This is the first I have heard about this, and I imagine it’s the same with much of the public. If public awareness were raised, I would bet the issue will resolve itself!

Ralph Jacobson
Guest
10 years 2 months ago

I thought those jeans looked dumb, anyway. Kudos to those companies for bringing this to light!

Craig Sundstrom
Guest
10 years 2 months ago

“Factories that do not rigorously enforce proper health and safety standards for sandblasting put unsuspecting workers at risk.” This would seem like an excellent opportunity to onshore this activity, where (presumably) there will be rigorous enforcement, and where the high cost — or at least the claim of high cost — will allow for an exponential increase in the selling price.

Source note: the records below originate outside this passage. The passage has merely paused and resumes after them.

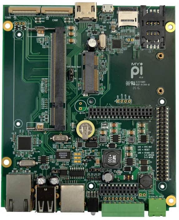 在 Kickstarter 众筹网站上,一个叫 “MyPi” 的项目用树莓派计算模块制作了一款 SBC( 单板计算机 ),提供一个 mini-PCIe 插槽,串口,宽范围输入电源,以及模块扩展等功能。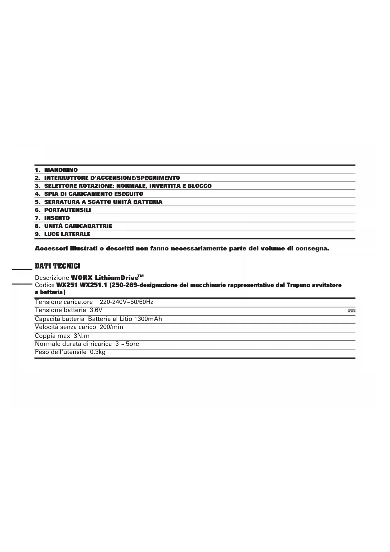 Accessori illustrati o descritti non fanno necessariamente parte del volume di consegna. daTi Tecnici Descrizione WORX LithiumDrive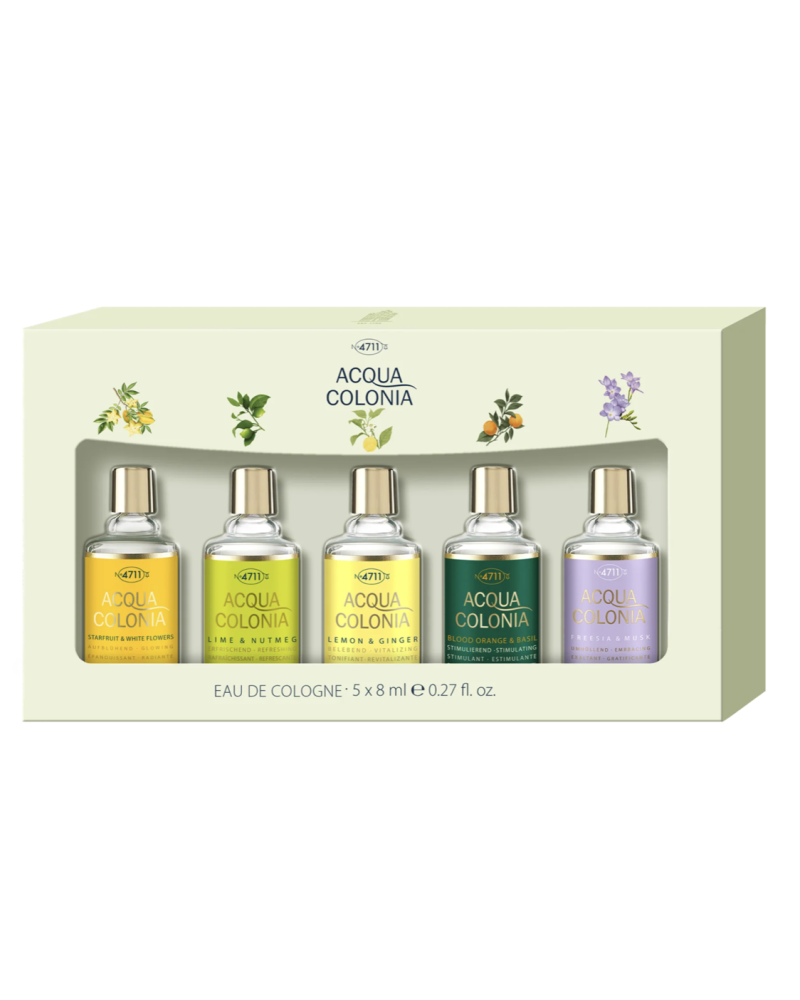 Acqua Colonia 4711De miniatuurset bevat vijf iconische eau de colognes uit de lijn waar het huis bekend om staat, die het lichaam en de zintuigen inspireren met geselecteerde contrasterende ingrediënten uit de natuur.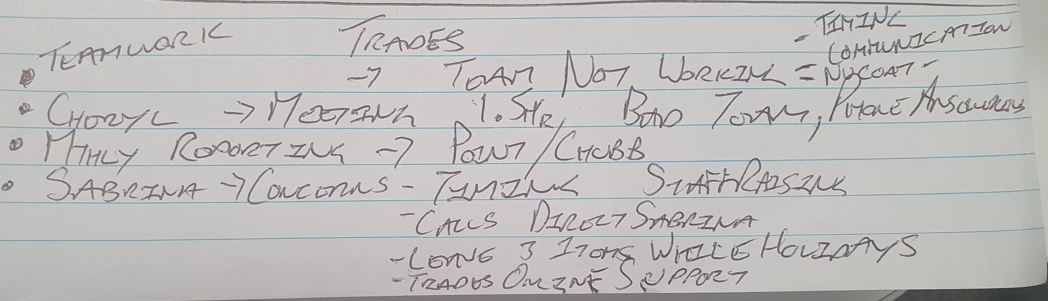 The handwriting sample presents as a functional, if somewhat hurried, script. There's a clear attempt at legibility, though the letter formation is not always consistent. For example, the 'M' in "TEAMWORK" differs slightly from the 'M' in "MONTHLY". The connections between letters are sometimes present, creating a slightly cursive effect, while other times the letters are distinct and separate. The size of the letters is relatively uniform, but the spacing between words varies. Overall, the handwriting appears to be a tool for quick note-taking rather than a carefully crafted form of expression.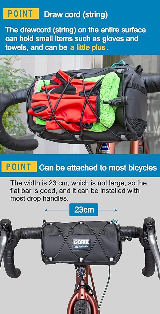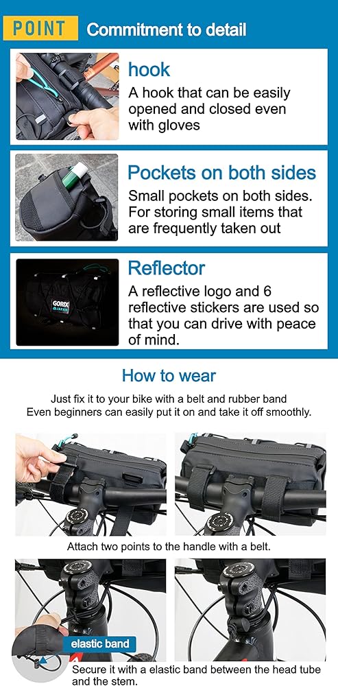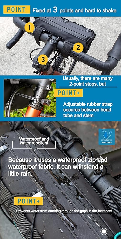 [ثابت بإحكام] يمكن تثبيته على المقبض عند نقطتين، ويمكن تثبيته بين أنبوب الرأس والساق بحزام مطاطي يمكن تعديله بعلامة إضافية. ومن خلال تثبيته بين أنبوب الرأس والساق، يتم تثبيت الحقيبة الأمامية عن طريق منع الاهتزاز قدر الإمكان.

Of course a cynic might note that people die on the job all the time, building office buildings, driving delivery trucks, and — particularly — mining coal to heat our houses, and there’s no rush to stop the “consumption” of those products.

Kai Clarke
Guest
10 years 2 months ago

Yes, yes and yes. When major manufacturers and key retailers are both stopping the fabrication and purchasing of the same product, it is only a matter of time before the rest of the industry follows. Add to this the bans by entire countries, and you have a large impetus to not make or purchase these items.

Eliott Olson
Guest
Eliott Olson
10 years 2 months ago

Good for Target and Levi Strauss. As soon as word gets out about the dangers of this fashion, it will become unfashionable.

Robert DiPietro
Guest
10 years 2 months ago

Yes, industry leaders should bring pressure on other companies. Part of their moral compass should be to enforce safe working conditions for suppliers.

It is just good business.

David Schulz
Guest
David Schulz
10 years 2 months ago

Ending sandblasting is probably a good thing, and if it is a “feel good” motive, then count on Target to be near the front of the parade. But as with all things industrial, agricultural, and just about every other way people make their livings, there is some risk involved. These case-by-case, high-profile actions send a bad message while answering few questions and addressing no issues.

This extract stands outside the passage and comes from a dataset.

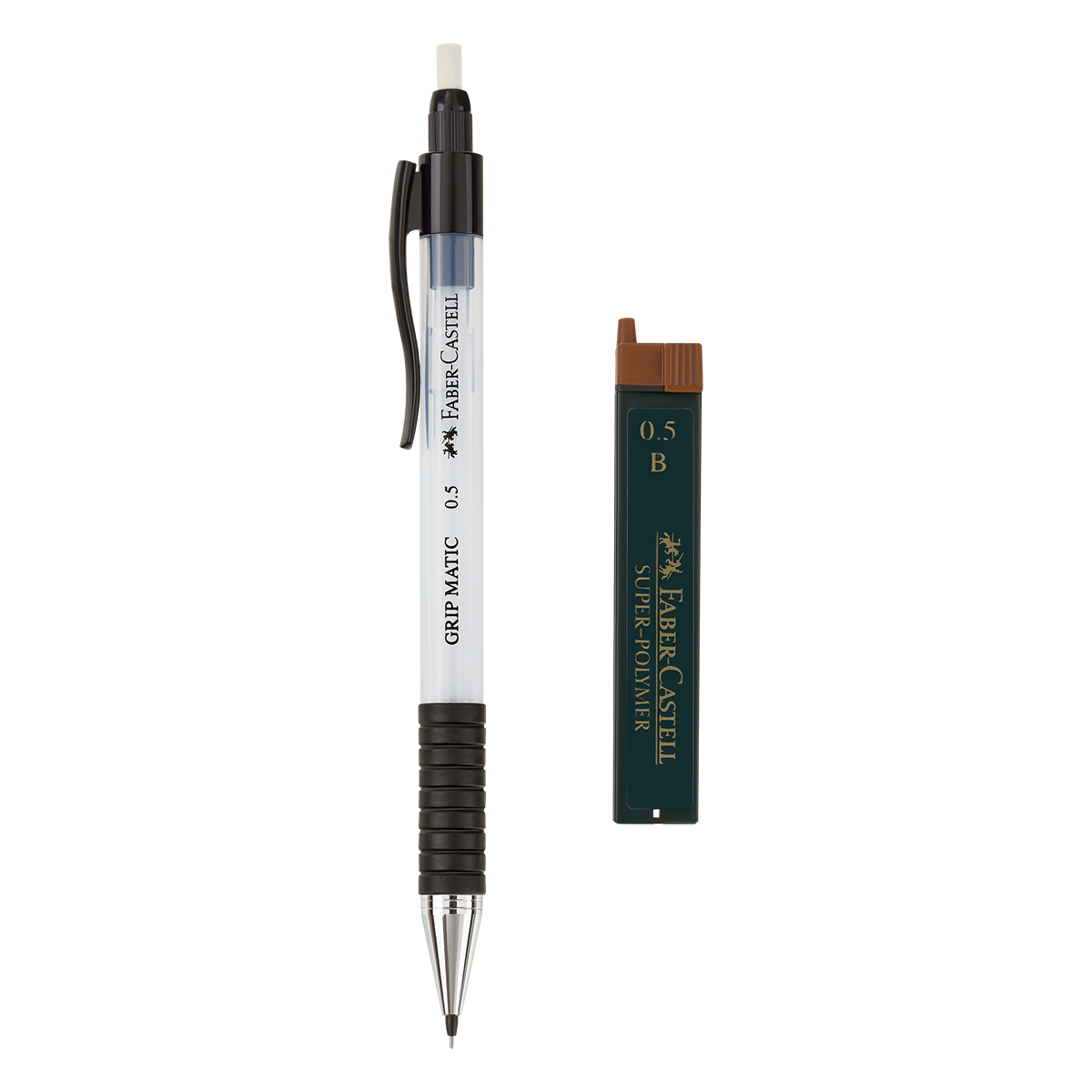 Механический карандаш Grip Matic от немецкого производителя Faber-Castell оснащен системой автоматической подачи грифеля, при которой нажатие кнопки не требуется. Удобная резиновая зона захвата делает письмо комфортным. На торцевой части карандаша расположен выдвижной ластик, который мягко стирает и не оставляет разводов. Ластик не содержит ПВХ. Толщина линии: 0,5 мм.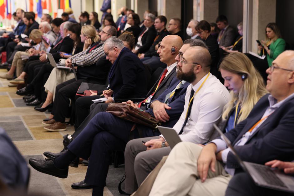 Plenary sessions at the Warsaw Human Dimension Conference covered topics including democratic institutions, fundamental freedoms, tolerance and non-discrimination, rule of law, and humanitarian issues. Warsaw, 29 September 2022.

In today’s story, 40 workers die over a 5-year period. That’s 40 out of how many workers in the sandblasting industry? How does that compare with other industrial jobs in Turkey? Also, once sandblasting jeans is ended in Turkey, how will the workers provide for themselves and their families? We all take risks and to outsiders, those risks may not be commensurate with the rewards. Many of us would gladly accept the hypertension-heart attack-substance abuse-suicide risks to potentially earn what movie star or hedge fund managers make, but you can’t put yourself in a sandblaster’s shoes until you walk a mile in them.